In various embodiments, a cap dropper may be used to provide purge liquid to the lumen of the purge swab. In various embodiments, the cap dropper includes a cap having a rubber bulb and a tube extending from the bulb and through the cap (e.g., a Pasteur pipette). In various embodiments, a syringe may be used to provide purge liquid to the system via the cap. In various embodiments, where the purge liquid is contained within the cap or the swab itself, a locking system may be used to ensure the purge liquid cannot be activated prematurely. In various embodiments, the locking system may include a frangible piece of material (e.g., plastic) that requires a predetermined amount of force to break. In various embodiments, the locking system may include a pin (e.g., split pin, cotter pin, etc.). Premature purging could result in redundancy of the swab, loss of the sample, or jetting of the liquid into the patient during sample collection. In various embodiments, when a locking system is included, purging may only occur after capping the purge swab into its associated collection tube.

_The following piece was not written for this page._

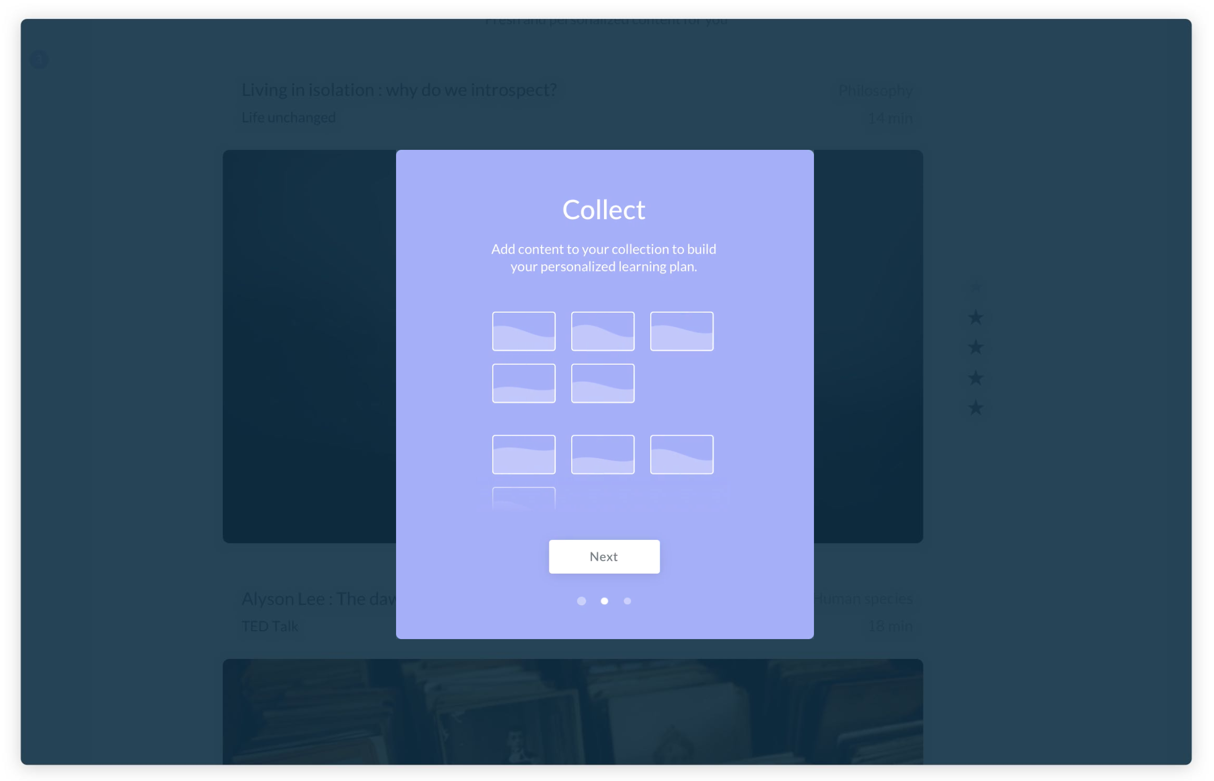 When a product is referred by a friend or colleague, users often skip the landing page instructions and sign up to the platform right away. To make sure that the in-app experience is fluid and new users understand the key features of the platform, a few in-app introduction screens were created. Note that this is a concept and the illustrations would be replaced by more concrete and useful representations.

In various embodiments, any suitable locking system may be used to ensure purging cannot be activated prematurely. In various embodiments, for a syringe type purge system, a clip may be positioned between a thumb pad of the plunger and the syringe body. In various embodiments, the clip may be made of any suitable material (e.g., plastic, metal). In various embodiments, the clip may be any suitable color, for example, a bright color (e.g., red) to direct attention to the clip. In various embodiments, for a dropper-type purge system, an additional screw-on cap may protect the rubber bulb of the dropper. In various embodiments, the cap may be a screw-on cap. In various embodiments, the cap may be any suitable color, e.g., red. In various embodiments, for a piston-type purge system, a circlip (C-clip) may be placed close to a distal end of the piston (e.g., over a circumferential groove), necessitating removal of the circlip before the purge step. In various embodiments, for a compressed gas purge system, the compressed gas canister may include a frangible seal that is pierced when the canister is screwed into a receptacle. In various embodiments, the receptacle may be formed partly by the tube and partly by the tube cap, thereby forming an interlock to only allow canister insertion to a completed tube/cap assembly. In various embodiments, the cap and/or tube may include a metering orifice. In various embodiments the cap and/or tube may include a filtered vent arrangement to mitigate over-pressurization of the tube assembly.

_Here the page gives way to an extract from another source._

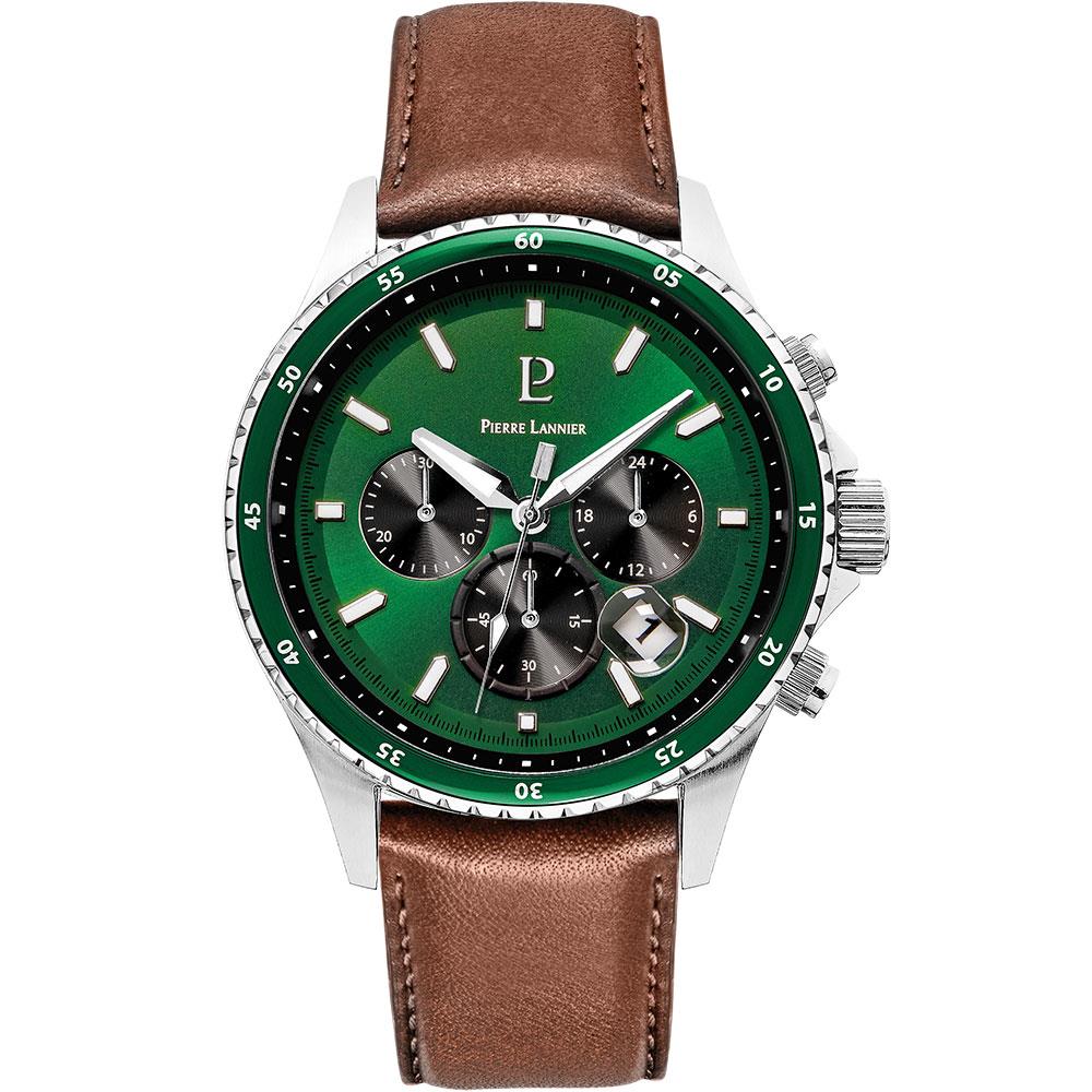 ساعت مچی مردانه پیرلنیر pierre lannier با طراحی روزانه بند چرمی قهوه ای و قاب گرد و صفحه گرد سبز با قابلیت داشتن تقویم کرنوگراف شب نما و موتور ژاپنی با انرژی باتری و مقاوم در برابر آب تا عمق 50 متر به همراه گارانتی بین المللی

In various embodiments, purge liquid may be stored within a frangible vessel (e.g., a disc). In various embodiments, purge liquid may be stored as a semi-solid matrix. In various embodiments, purge liquid may be stored within a channel or reservoir structure within the purge swap and/or cap. In various embodiments, if liquid is stored in the swab, the purge swap may include an upper seal and/or lower seal to maintain isolation from the ambient environment. In various embodiments, the lower seal may separate the liquid from the swab material. In various embodiments, the lower seal may be a pressure frangible material (e.g., plastic, foil, sheet, etc.). In various embodiments, the upper seal may be a frangible material (e.g., plastic, foil, sheet, etc.). In various embodiments, the upper seal may be a deformable membrane configured to maintain a barrier with the ambient environment even after activation.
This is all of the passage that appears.